The three names of the road from the coast 
By the early 1990s the western portion of the route, between Antwerp and the coast, was a dual carriageway with frequent intersections, the more busy of which were controlled by traffic lights and marked by  speed limits.   Starting at the Antwerp end, this part of the E34 has more recently been progressively upgraded with junctions either eliminated or else replaced by motorway-style intersections. The road is still of sub-motorway quality between the coast and Zelzate, but to the east of the road tunnel under the Ghent–Terneuzen Canal, the upgrade is virtually complete. The upgrade from National road to Autoroute quality has been reflected in a name change, from N49 to A11: in terms of national road numbers, as long as the upgrade remains incomplete, the two names are currently used interchangeably or together (N49-A11) when referring to the full length between Antwerp and Zeebrugge.
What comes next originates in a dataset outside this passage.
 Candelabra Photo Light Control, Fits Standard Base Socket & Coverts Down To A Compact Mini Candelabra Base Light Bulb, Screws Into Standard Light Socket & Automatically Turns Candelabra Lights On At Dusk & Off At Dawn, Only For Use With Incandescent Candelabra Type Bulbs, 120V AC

In Belgium the E route numbers are given prominence at least equal to nationally assigned road numbers, so that in practice the road may be marked, using all three names, as the N49-E34-A11. Locally the road is often referred to more simply as the expressway (de expresweg).

Congestion 
The route skirts Antwerp using the southern R1 inner ringroad which includes the Kennedy Tunnel: this is closed to vehicles with certain classes of dangerous loads.   These are required to divert onto the northern R2 outer ringroad.   To address the resulting delays, and because the inner southern ring route itself frequently becomes seriously congested, a northern inner ring road for Antwerp is being planned.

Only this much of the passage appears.